Today and tonight I am torn between emotions as I count down the hours until my husband returns to me, and as I deal with a tragic loss in my family.
I am a big believer in starting with the sad new so you can end with the happy news so you can leave with a sweeter taste in your mouth. And with that I tell you about my sadness...
My family recently had a huge 4 generation family reunion in Utah. I was not able to make it due to my current pregnant situation, but my family did attend and had a great time. Well on the way home from their extended stay in UT, my Aunt, my Grandma, and my cousin, who were in my Grandma's Durango, had a terrible accident. The Durango rolled over and my Aunt was ejected from the car. With the car on its top my Grandma and cousin were stuck inside of it. As i received the phone call to let me know of what had happened. I thought I just let them all be ok. Well within about 2 hours I received a phone call from my Dad and not my Mom (it's her family) asking if I was sitting down. I replied yes and he proceeded to tell me that my Aunt had died, that my Grandma had broken ribs and had back pain as well as other injuries, and that they were running tests to make sure she was ok.
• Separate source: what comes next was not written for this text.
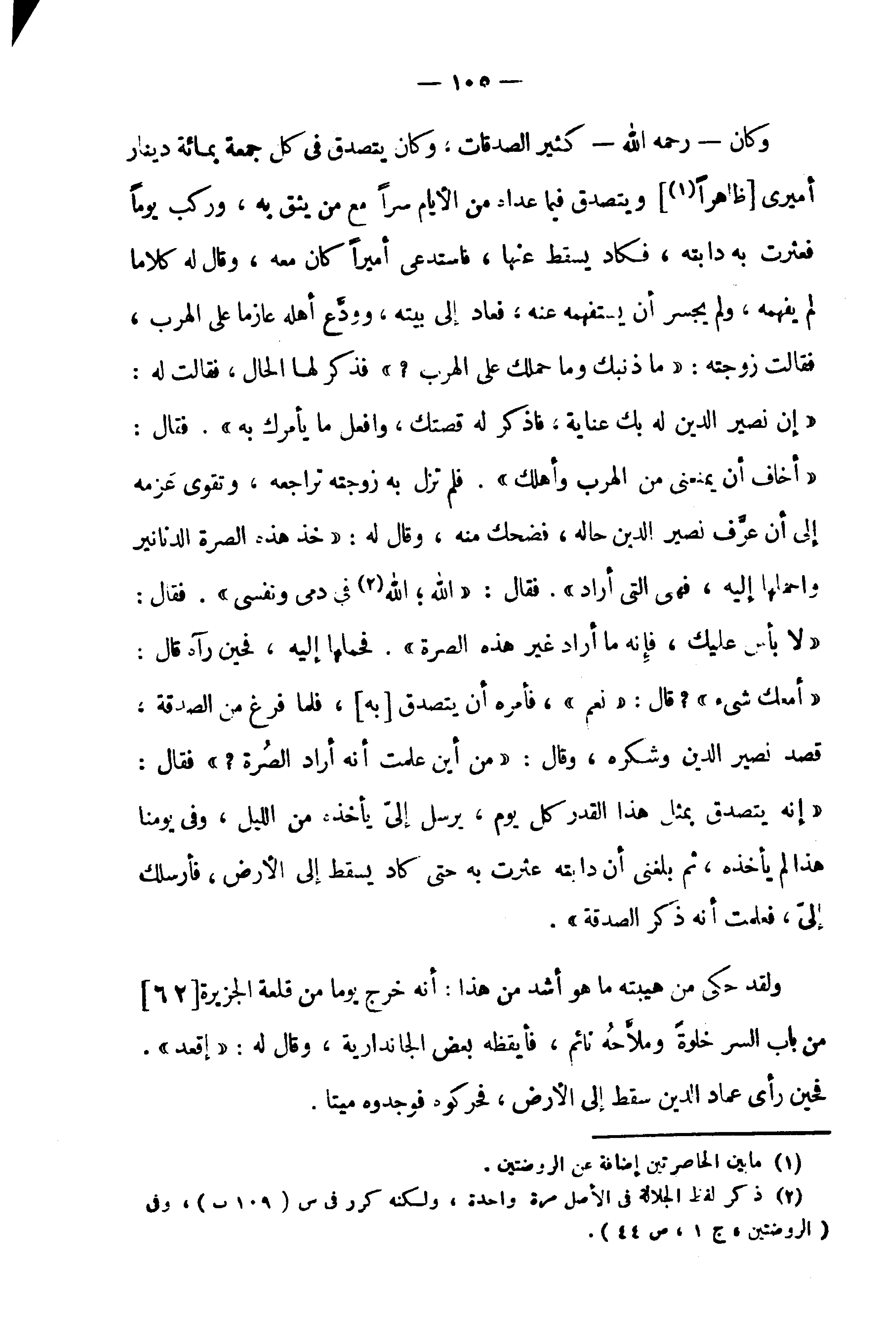 وكان - رحمه الله - كثير الصدقات، وكان يتصدق في كل جمعة بمائة دينار أميرى [ظاهرا (¬1)] ويتصدق فيما عداه من الأيام سرا مع من يثق به، وركب يوما فعثرت به دابته، فكاد يسقط عنها، فاستدعى أميرا كان معه، وقال له كلاما لم يفهمه، ولم يجسر أن يستفهمه عنه، فعاد إلى بيته، وودّع أهله عازما على الهرب، فقالت زوجته: «ما ذنبك وما حملك على الهرب؟» فذكر لها الحال، فقالت له: «إن نصير الدين له بك عناية، فاذكر له قصتك، وافعل ما يأمرك به». فقال: «أخاف أن يمنعنى من الهرب وأهلك». فلم تزل به زوجته تراجعه، وتقوى عزمه إلى أن عرّف نصير الدين حاله، فضحك منه، وقال له: «خذ هذه الصرة الدنانير واحملها إليه، فهى التي أراد». فقال: «الله؛ الله (¬2) في دمى ونفسى». فقال: «لا بأس عليك، فإنه ما أراد غير هذه الصرة». فحملها إليه، فحين رآه قال: «أمعك شىء»؟ قال: «نعم»، فأمره أن يتصدق [به]، فلما فرغ من الصدقة، قصد نصير الدين وشكره، وقال: «من أين علمت أنه أراد الصرة؟» فقال: «إنه يتصدق بمثل هذا القدر كل يوم، يرسل إلىّ يأخذه من الليل، وفى يومنا هذا لم يأخذه، ثم بلغنى أن دابته عثرت به حتى كاد يسقط إلى الأرض، فأرسلك إلىّ، فعلمت أنه ذكر الصدقة».

Now they were traveling with my Uncle and his family who were in their motor home a few miles ahead of them when they rolled, he turned his motor-home right around and was there to support and love my Grandma and cousin. With in hours family members from SLC where at the hospital in Beaver, UT to add more support and my Grandpa, who was in CA is currently on his was to Beaver. As sat getting my pedicure thinking of what a tragic day this was, and how someone so relatively young had died. A woman with 5 kids, and 10 grand kids, life had ended so suddenly, I couldn't help but think about the plan of salvation, and what that means to me and my family. The gratitude that I have that we are sealed forever as a family. The gospel is such a blessing in my life and brings such peace and happiness to me. It is still sad, but I understand what happens, and I know it is not the end, and that I will see her again. And so will her kids and grand kids.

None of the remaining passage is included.